2.4.1 Promiscuous and restricted mating methods

The stage probability parameter, denoted as mm, corresponds to the mating behavior exhibited by the Bonobo species. Initially, the value of the variable representing the amount of mm is set at a value of 0.5, with incremental upgrades occurring throughout successive iterations. According to Eq. (8), the value is deemed to be identical or lower than mm.

$$n\_{{\text{bo}}}_{j}={{\text{bo}}}_{j}^{i}+{q}_{1}{t}^{a}\left({a}_{j}^{{\text{bo}}}-{{\text{bo}}}_{j}^{i}\right)+(1-{q}_{1}){t}^{t}{\text{flag}}({{\text{bo}}}_{j}^{i}-{{\text{bo}}}_{j}^{m})$$
(8)

bo = bonobo. \(n\_{{\text{bo}}}_{{\text{j}}}\) and \({a}_{j}^{{\text{bo}}}\) are the jth the variables of the new progenies. j is a variable number between zero and one. e stands for the number of variables. In q1, a random value between \(0\) and \(1\) is determined. \({{\text{bo}}}_{j}^{i}\) and \({{\text{bo}}}_{j}^{m}\) determine the values of the bonobos’ ith and mth associated variables, respectively. \({t}^{a}\) and \({t}^{t}\) are called division coefficients for \({a}^{{\text{bo}}}\) and mth bonobos, respectively.

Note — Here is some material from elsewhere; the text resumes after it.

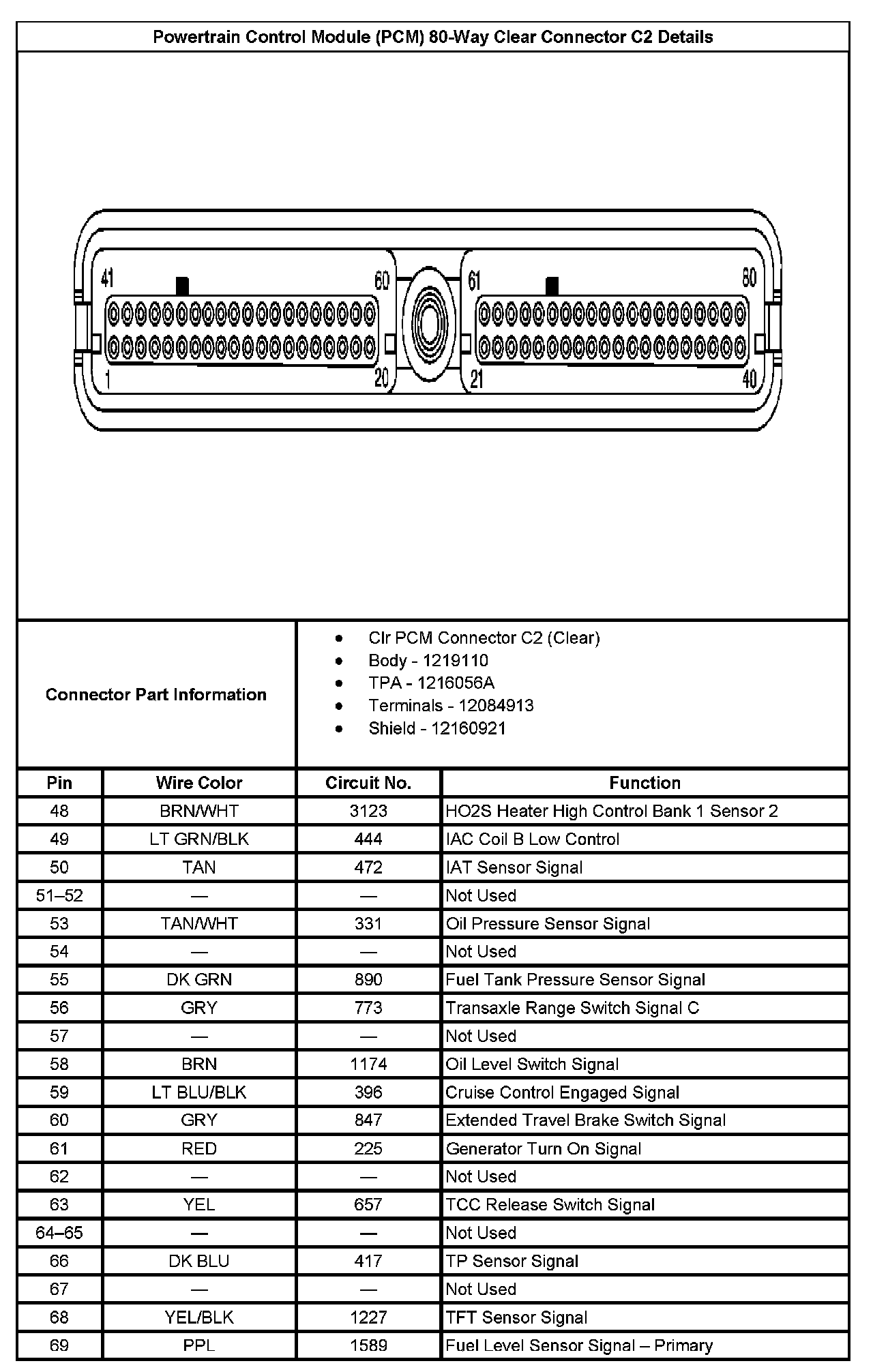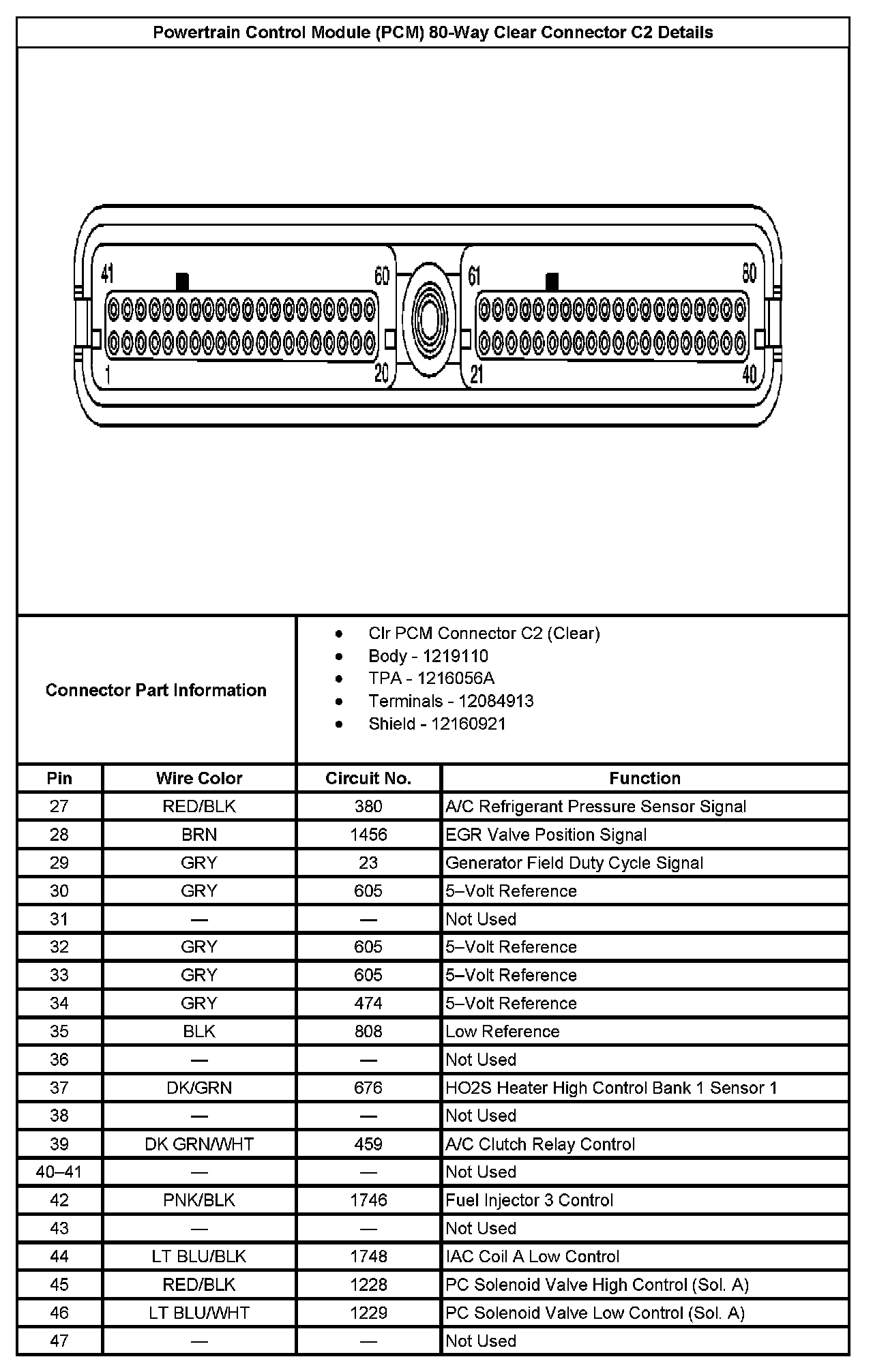 Powertrain Control Module (PCM) 80-Way Clear Connector C2 Details Part 1:
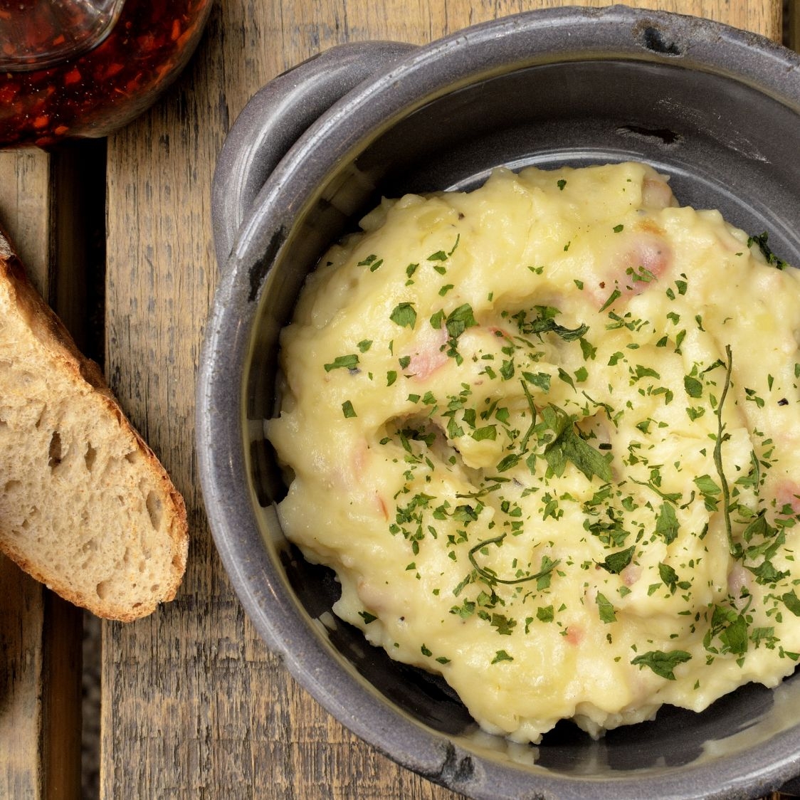 Artesanal puré de papas con tocino y un toque de mantequilla. 120 gramos.

When the ith bonobo achieves a more favorable outcome compared to the mth bonobo, it results in promiscuous mating. The flag has been denoted with the number 1 under these circumstances. Alternatively, in order to restrict pairing, a value of −1 is attributed to the \({a}^{{\text{bo}}}\) combination.

2.4.2 Methods of mating extra-group and consort ships

If the value of the part mm is lower than that of \(q\), the occurrence of these mating types will ensue. Alternatively, if the value of \({q}_{2}\) is equivalent to or lower than the probability of extra-group mating for the given group (\({m}_{{\text{xgm}}}\)), the resultant outcome will involve a bolstering of the solution through the process of extra-group mating.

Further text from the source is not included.